As a church of 200 or so, it didn't seem possible until we stumbled onto Mevo, an out of the box option that makes it easy to broadcast just about anything.
How It Works
The Mevo camera is small–about the size of a baseball. It connects to your wifi signal and to your phone, which enables you to stream video to Facebook and Youtube (as well as other services).
If you want to take your production to the next level you can send the signal to LiveStream, Mevo's software solution that allows you to create a professional production by integrating other cameras, graphics, and social media into the feed. The battery lasts about 1 hour and charges via USB. Additional add-ons are available that allow for 10 hours of battery life.
Automation Makes It Professional
The most amazing thing about Mevo is the automation that comes with the software. The camera is able to detect faces and make flawless transitions between people that are on stage. For example, if you have a 5 piece worship team on stage, the Mevo will figure out how many people are involved and cut back and forth between them, all the while including group shots throughout. It seems unbelievable but it looks really professional! See an example of this.
Mevo Is Affordable
The price is $399 at Amazon for the starter setup. Truthfully, this is all you need to go live. If you want to extend the battery life and add a few bells and whistles to your setup then you can grab the “Pro Bundle” which includes the power boost and a case.
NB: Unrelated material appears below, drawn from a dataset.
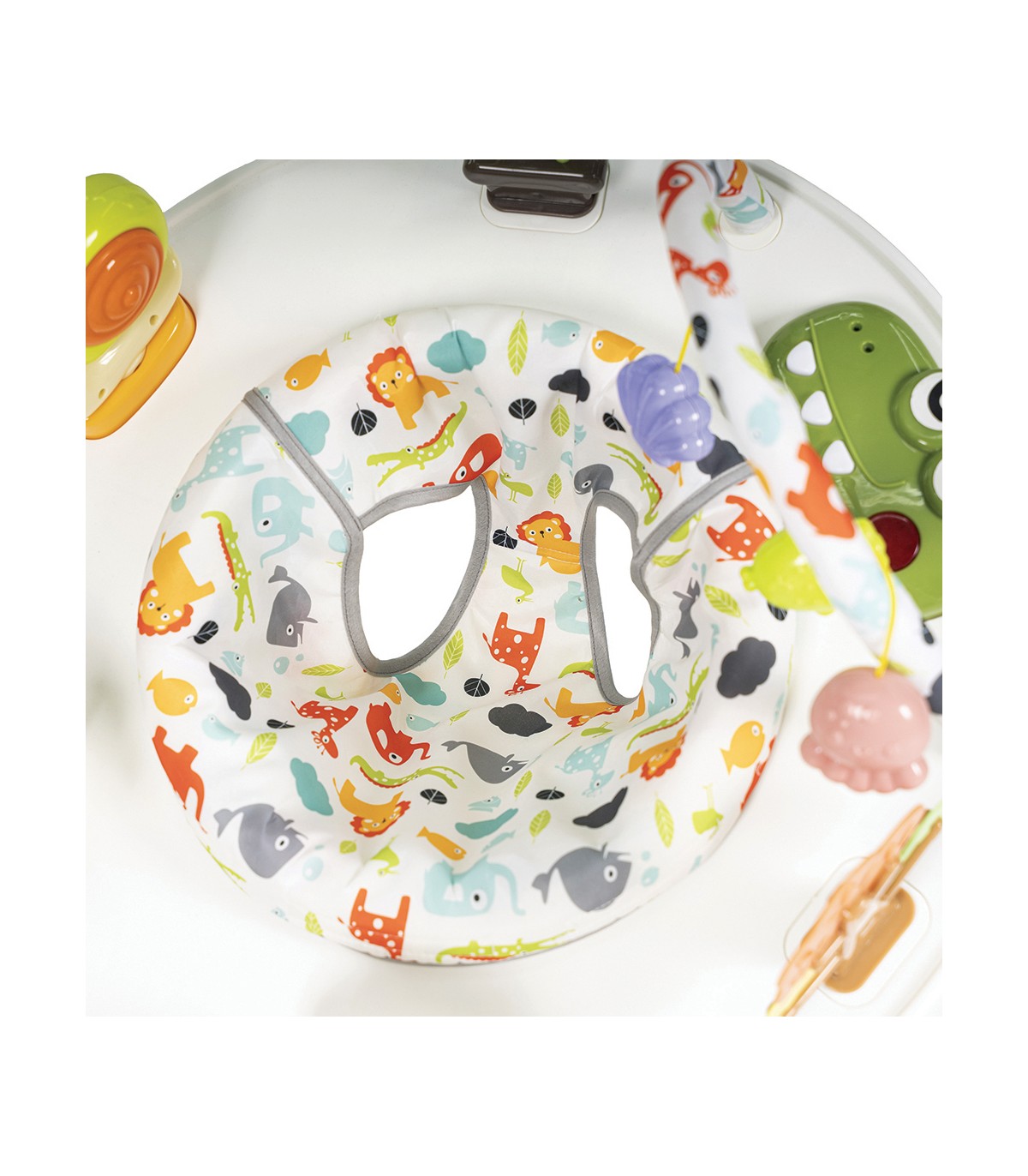 - Support platform with bounce for a fun playing experience, encouraging the child to move and explore, helping to develop leg strength and coordination.

Considering the cost of an average professional camera these days and anything less than $1,000 seems like a steal.
If you decide to stream your worship services live then check out Mevo. So far it's been working great and we plan to unveil our streaming worship service in about a month. For the cost, I think it's a no-brainer. Check on your internet connection, you'll need at least 1.5Mpbs to broadcast in standard mode, and about twice that to broadcast in HD.